Multi-sample integration of spatial chromatin accessibility sequencing data via stochastic domain translation

Multi-sample integration of spatial chromatin accessibility sequencing data via stochastic domain translation

System requirements

The package development version is tested on Windows operating systems. The developmental version of the package has been tested on the following systems:

Linux: Ubuntu 20.04


Clone the repository.

git clone https://github.com/yyLIU12138/INSTINCT.git

Create an environment.

conda create -n epi_INSTINCT python=3.10
conda activate epi_INSTINCT

Install the required packages.

pip install -r requirement.txt


python setup.py build
python setup.py install

Installation takes a few minutes.


Detailed version of tutorials for INSTINCT can be found on the Read the Docs website.

Import the package.

import torch
import anndata as ad
from sklearn.decomposition import PCA
import warnings

Load the anndata type data samples into a list.

data_dir = '../demo_data/EpiTran_MouseBrain_Jiang2023/'
slice_name_list = ['E11_0-S1', 'E13_5-S1', 'E15_5-S1', 'E18_5-S1']
cas_list = [ad.read_h5ad(data_dir + sample + '_atac.h5ad') for sample in slice_name_list]
for j in range(len(cas_list)):
    cas_list[j].obs_names = [x + '_' + slice_name_list[j] for x in cas_list[j].obs_names]

Merge the peaks.

cas_list = INSTINCT.peak_sets_alignment(cas_list)

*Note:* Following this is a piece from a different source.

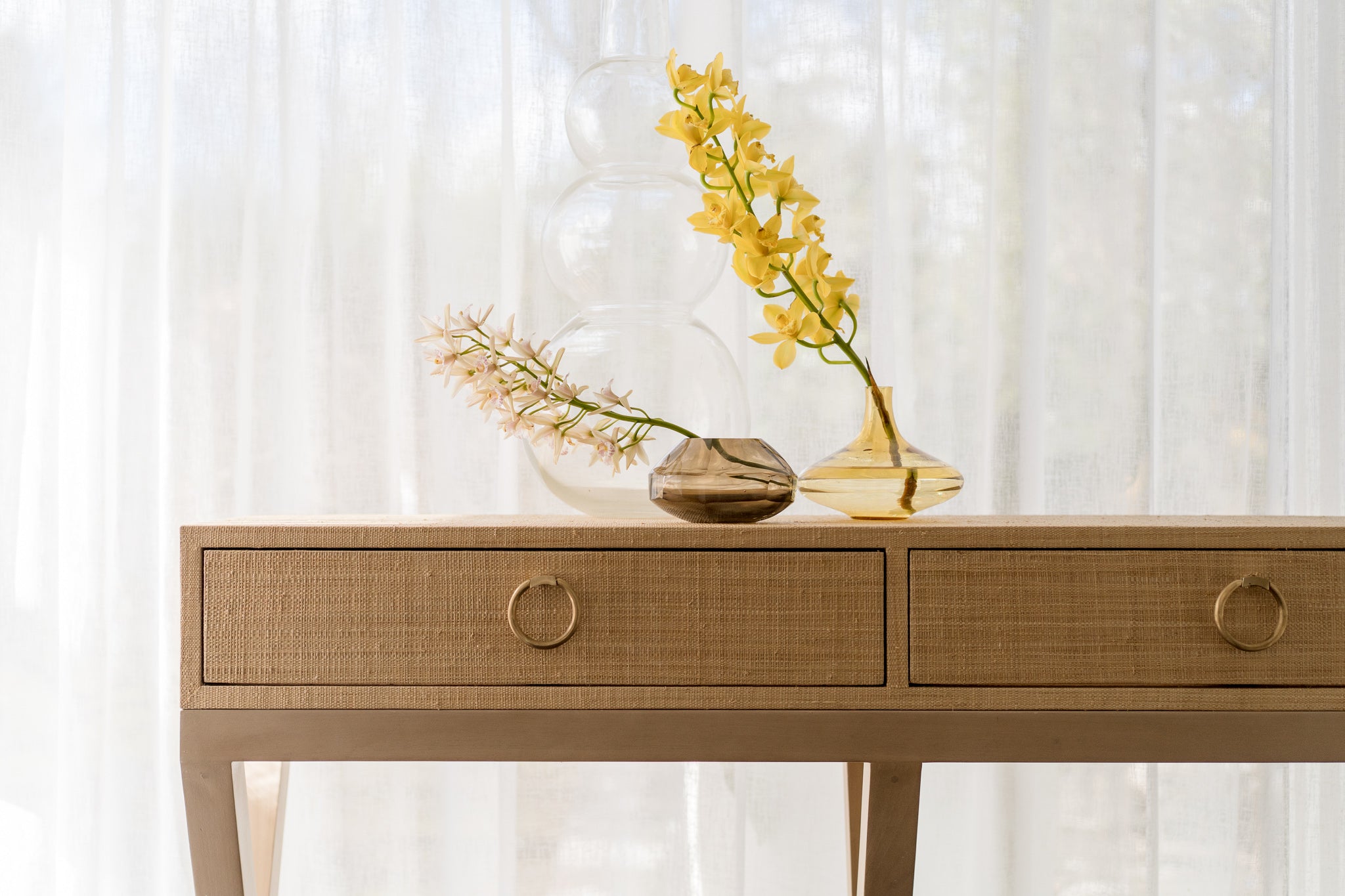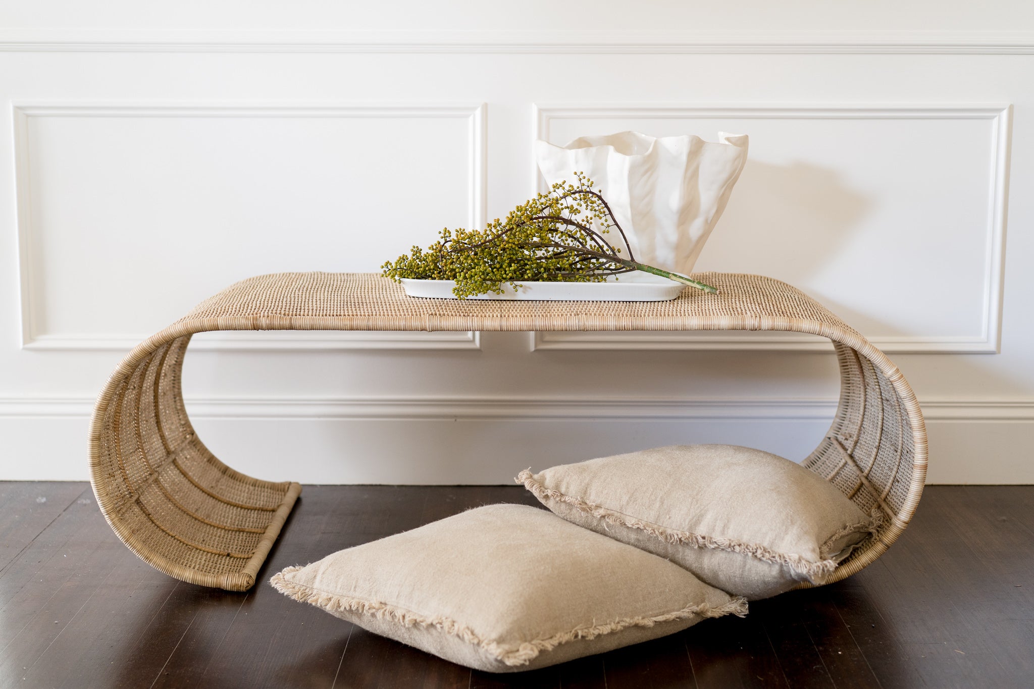 Bring texture and warmth into your home with the Kagu End Table with Raffia. Featuring a smooth timber top and a finely wrapped raffia base, this versatile side table blends natural materials with a contemporary silhouette. Perfect as a bedside table, next to your sofa, or as an accent piece in a reading nook, it suits coastal, bohemian, and modern interiors alike.

Preprocessing (If the data samples already incorparate fragment count matrices, then set use_fragment_count=False).

adata_concat = ad.concat(cas_list, label="slice_name", keys=slice_name_list)
INSTINCT.preprocess_CAS(cas_list, adata_concat, use_fragment_count=True, min_cells_rate=0.03)

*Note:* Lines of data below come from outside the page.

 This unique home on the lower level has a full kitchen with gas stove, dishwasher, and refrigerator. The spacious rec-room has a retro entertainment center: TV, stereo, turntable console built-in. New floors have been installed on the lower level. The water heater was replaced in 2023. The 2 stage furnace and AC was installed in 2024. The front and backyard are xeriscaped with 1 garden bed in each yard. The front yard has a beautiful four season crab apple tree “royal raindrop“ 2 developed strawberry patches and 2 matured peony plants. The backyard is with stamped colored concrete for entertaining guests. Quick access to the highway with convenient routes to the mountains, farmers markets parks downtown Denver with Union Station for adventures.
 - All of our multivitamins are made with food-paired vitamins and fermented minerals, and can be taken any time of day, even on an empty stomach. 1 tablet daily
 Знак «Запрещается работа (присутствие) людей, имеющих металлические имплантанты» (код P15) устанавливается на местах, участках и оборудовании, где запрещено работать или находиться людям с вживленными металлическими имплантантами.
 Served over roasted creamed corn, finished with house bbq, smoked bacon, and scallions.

Use PCA to reduce the dimensionality of the concatenated data to 100. The matrix of shape N*100 should be stored in adata_concat.obsm['X_pca'].

pca = PCA(n_components=100, random_state=1234)
input_matrix = pca.fit_transform(adata_concat.X.toarray())
adata_concat.obsm['X_pca'] = input_matrix

Construct the neighbor graph

INSTINCT.create_neighbor_graph(cas_list, adata_concat)

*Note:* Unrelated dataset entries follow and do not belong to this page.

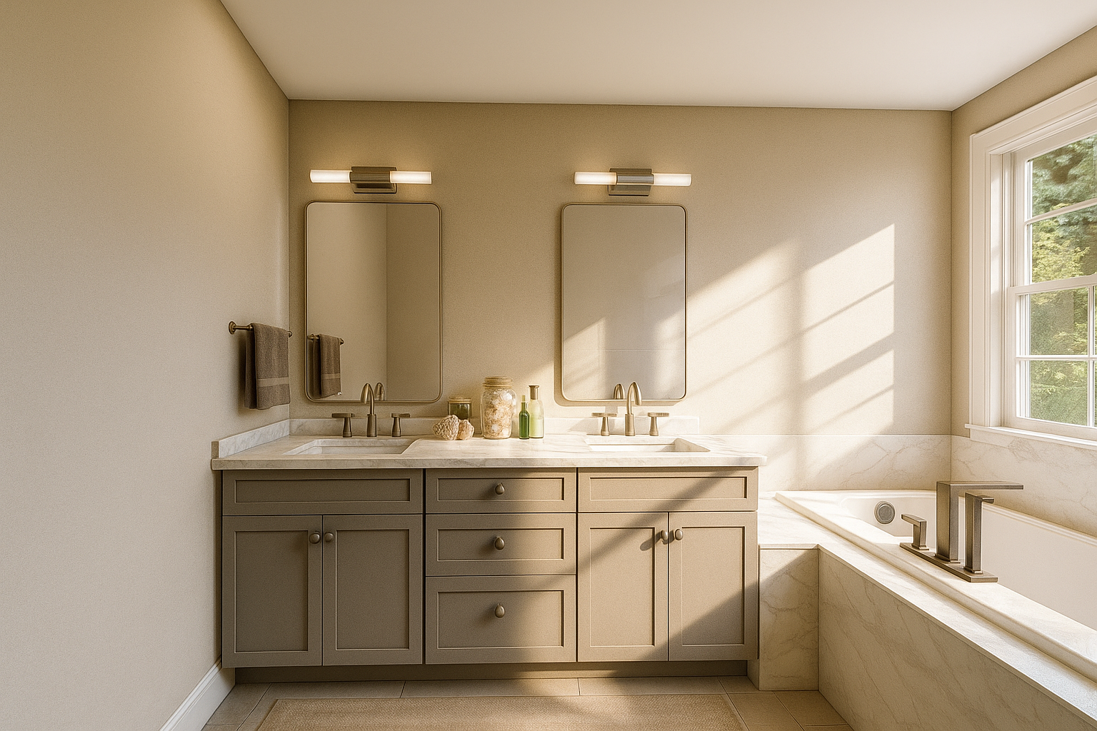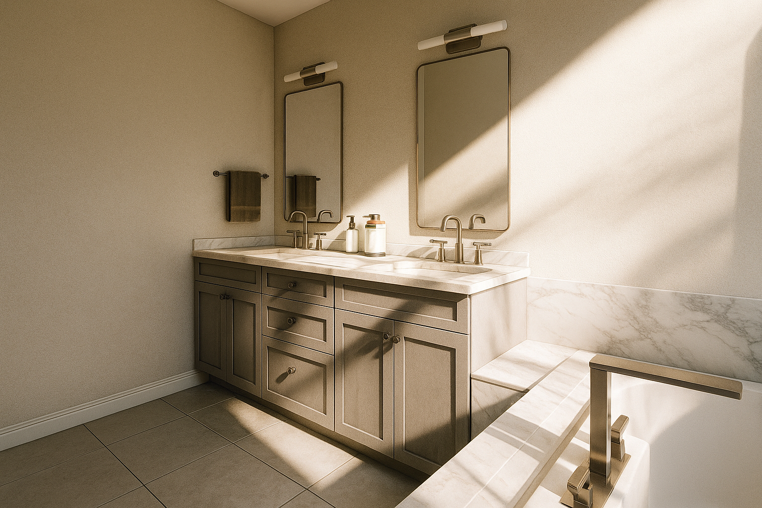 The interior design vision focused on honoring traditional aesthetics while introducing soft, modern touches. The white double vanity sets a clean and balanced foundation, complemented by brushed nickel fixtures that add subtle elegance. The layout emphasizes symmetry and flow, with the built-in tub and custom shower designed to feel luxurious yet timeless. Neutral tones and quality materials were carefully chosen to ensure the bathroom feels calm, cohesive, and enduring in style.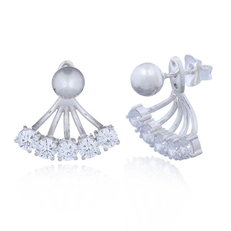 Five 4mm round shaped Cubic Zirconia crystals carefully curved and matched with 6mm polished silver ball studs.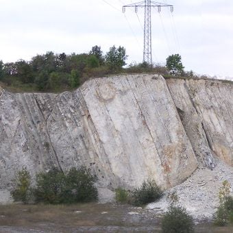 The quarry stretches across 12 hectares, reaching 750 meters in length and 320 meters in width, with steep limestone layers and marl formations.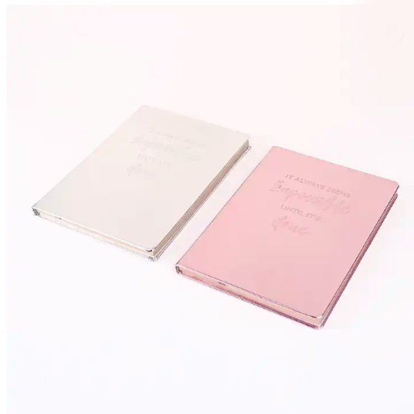 Minimalist style embossed mirror PU hardcover notebook with silk bookmark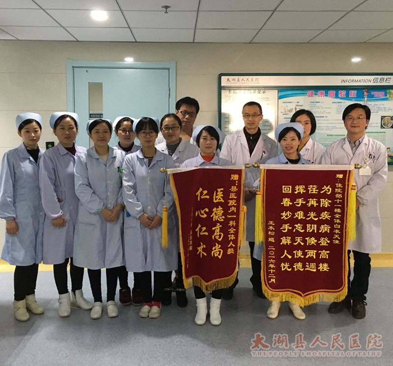 2016年12月25号,已出院的王老伯和吴老伯家属来到内一科,将两面写有“为除疾病登高楼 荏苒光阴倏俩週 挥手难忘天使德回春妙手解人优” 和“医德高尚 仁心仁术 ”的锦旗送到医护人员手中。患者家属言语诚恳,感情真挚,对内一科医护人员高尚的医德和精湛的医术满怀感激和无尽的感谢之情,对其在住院期间受到的精心治疗和热心服务,再三表示感谢。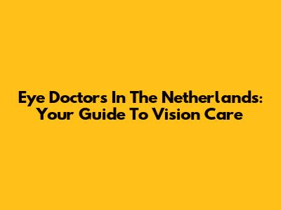 Eye Doctors In The Netherlands: Your Guide To Vision Care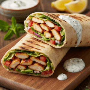 1. Marinate the Chicken: In a bowl, mix yogurt, lemon juice, olive oil, garlic, and spices. Add chicken cubes and mix well. Cover and refrigerate for at least 2 hours, preferably overnight. 2. Cook the Chicken: Preheat a grill or pan over medium-high heat. Cook the marinated chicken for 5-7 minutes per side until fully cooked and golden brown. If using an oven, bake at 400°F (200°C) for 20 minutes. Let the chicken rest before slicing. 3. Prepare the Garlic Sauce: Mix mayonnaise, yogurt, lemon juice, minced garlic, and salt until smooth. 4. Assemble the Wrap: Warm the pita bread, spread a generous amount of garlic sauce, then layer with grilled chicken, lettuce, tomatoes, cucumbers, and pickles. Roll tightly into a wrap. 5. Serve: Cut in half and enjoy with extra garlic sauce or a side of fries.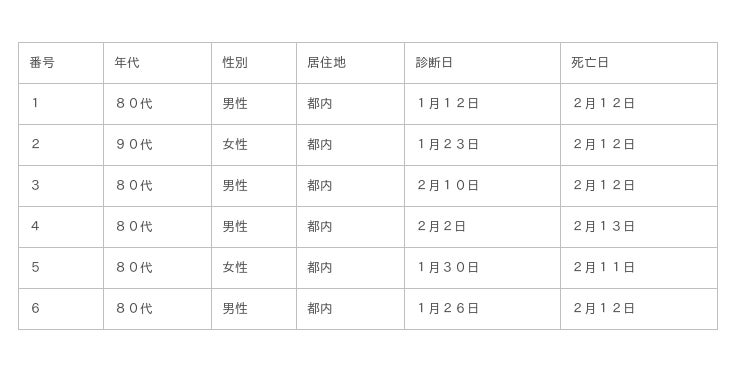 都内で新型コロナウイルスに感染した方が死亡されましたのでお知らせします。

Train the model. The low-dimensional representations for spots are stored in .obsm['INSTINCT_latent'] of each slice in cas_list.

device = torch.device('cuda' if torch.cuda.is_available() else 'cpu')
INSTINCT_model = INSTINCT.INSTINCT_Model(cas_list,
                                         input_mat_key='X_pca',  # the key of the input matrix in adata_concat.obsm
                                         input_dim=100,  # the input dimension
                                         hidden_dims_G=[50],  # hidden dimensions of the encoder and the decoder
                                         latent_dim=30,  # the dimension of latent space
                                         hidden_dims_D=[50],  # hidden dimensions of the discriminator
                                         lambda_adv=1,  # hyperparameter for the adversarial loss
                                         lambda_cls=10,  # hyperparameter for the classification loss
                                         lambda_la=20,  # hyperparameter for the latent loss
                                         lambda_rec=10,  # hyperparameter for the reconstruction loss
                                         seed=1236,  # random seed
                                         learn_rates=[1e-3, 5e-4],  # learning rate
                                         training_steps=[500, 500],  # training_steps
                                         use_cos=True,  # use cosine similarity to find the nearest neighbors
                                         margin=10,  # the margin of latent loss
                                         alpha=1,  # the hyperparameter for triplet loss
                                         k=50,  # the amount of neighbors to find

INSTINCT_model.train(report_loss=True, report_interval=100)


Training the model takes about one minute using GPU (RTX 4090D 24GB).